Start of PROVIDED DATA

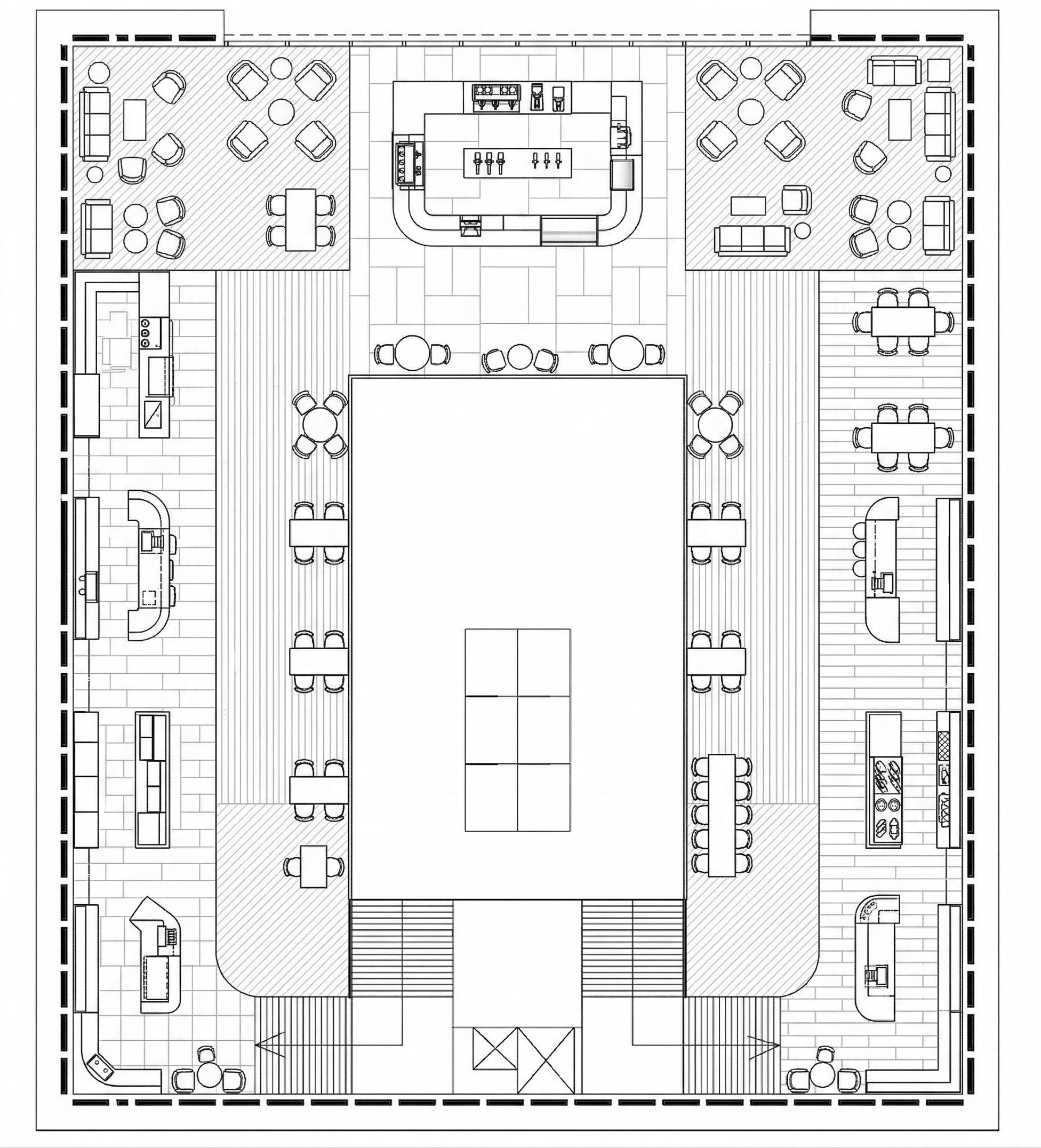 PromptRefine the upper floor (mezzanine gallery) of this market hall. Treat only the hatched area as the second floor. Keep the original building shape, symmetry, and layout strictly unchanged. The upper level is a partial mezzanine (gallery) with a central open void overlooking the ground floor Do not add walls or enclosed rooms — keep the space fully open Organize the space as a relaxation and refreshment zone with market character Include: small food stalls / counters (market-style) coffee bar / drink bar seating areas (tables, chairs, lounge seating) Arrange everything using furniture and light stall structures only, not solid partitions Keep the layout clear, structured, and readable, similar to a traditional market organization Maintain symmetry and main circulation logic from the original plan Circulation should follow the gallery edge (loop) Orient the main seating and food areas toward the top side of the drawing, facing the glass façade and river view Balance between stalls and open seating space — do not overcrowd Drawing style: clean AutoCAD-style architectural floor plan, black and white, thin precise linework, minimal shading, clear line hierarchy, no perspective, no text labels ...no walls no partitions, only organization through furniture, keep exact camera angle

End of PROVIDED DATA
Start of PROVIDED DATA

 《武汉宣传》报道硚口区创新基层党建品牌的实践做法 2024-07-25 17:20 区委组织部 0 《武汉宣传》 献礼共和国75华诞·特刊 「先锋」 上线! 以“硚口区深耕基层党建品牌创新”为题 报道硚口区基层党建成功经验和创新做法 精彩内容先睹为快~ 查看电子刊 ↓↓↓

End of PROVIDED DATA
Start of PROVIDED DATA

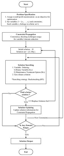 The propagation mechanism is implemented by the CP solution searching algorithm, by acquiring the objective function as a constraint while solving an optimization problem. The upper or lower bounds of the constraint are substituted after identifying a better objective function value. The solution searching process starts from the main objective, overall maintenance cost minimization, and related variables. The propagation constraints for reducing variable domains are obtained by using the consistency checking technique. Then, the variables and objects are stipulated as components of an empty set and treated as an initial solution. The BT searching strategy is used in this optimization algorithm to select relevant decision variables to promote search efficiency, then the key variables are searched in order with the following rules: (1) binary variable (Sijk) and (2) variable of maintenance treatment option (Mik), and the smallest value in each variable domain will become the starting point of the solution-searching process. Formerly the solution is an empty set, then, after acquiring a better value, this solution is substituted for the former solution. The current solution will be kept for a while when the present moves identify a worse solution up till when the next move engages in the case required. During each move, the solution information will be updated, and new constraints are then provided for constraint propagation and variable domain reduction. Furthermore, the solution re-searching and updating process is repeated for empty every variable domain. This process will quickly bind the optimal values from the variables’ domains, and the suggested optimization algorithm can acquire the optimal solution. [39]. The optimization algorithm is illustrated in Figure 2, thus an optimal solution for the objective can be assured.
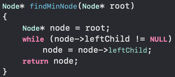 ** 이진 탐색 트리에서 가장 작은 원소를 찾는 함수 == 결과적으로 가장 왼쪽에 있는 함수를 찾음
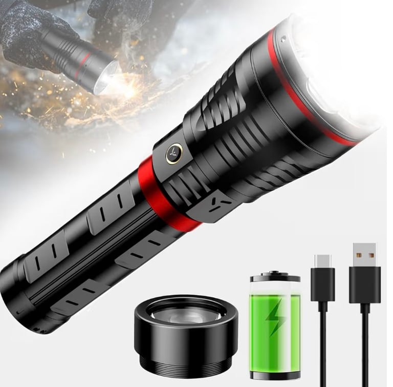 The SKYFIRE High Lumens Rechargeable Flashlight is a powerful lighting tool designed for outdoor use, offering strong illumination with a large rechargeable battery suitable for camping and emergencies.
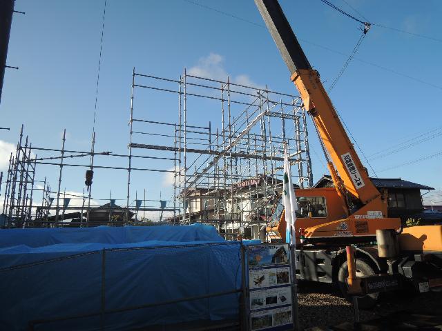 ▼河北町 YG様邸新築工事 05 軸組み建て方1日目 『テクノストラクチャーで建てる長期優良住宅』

End of PROVIDED DATA

▶ _PROBLEM DESCRIPTION_:
Transcribe the lines above exactly, beginning at the one with "왼쪽에 있는 함수를 찾음" and ending at the one with "05 軸組み建て方1日目 『テクノストラクチャーで建てる長期優良住宅』". Include both; exclude the pictures.

▶ _ANSWER SECTION_:
 ** 이진 탐색 트리에서 가장 작은 원소를 찾는 함수 == 결과적으로 가장 왼쪽에 있는 함수를 찾음
 The SKYFIRE High Lumens Rechargeable Flashlight is a powerful lighting tool designed for outdoor use, offering strong illumination with a large rechargeable battery suitable for camping and emergencies.
 ▼河北町 YG様邸新築工事 05 軸組み建て方1日目 『テクノストラクチャーで建てる長期優良住宅』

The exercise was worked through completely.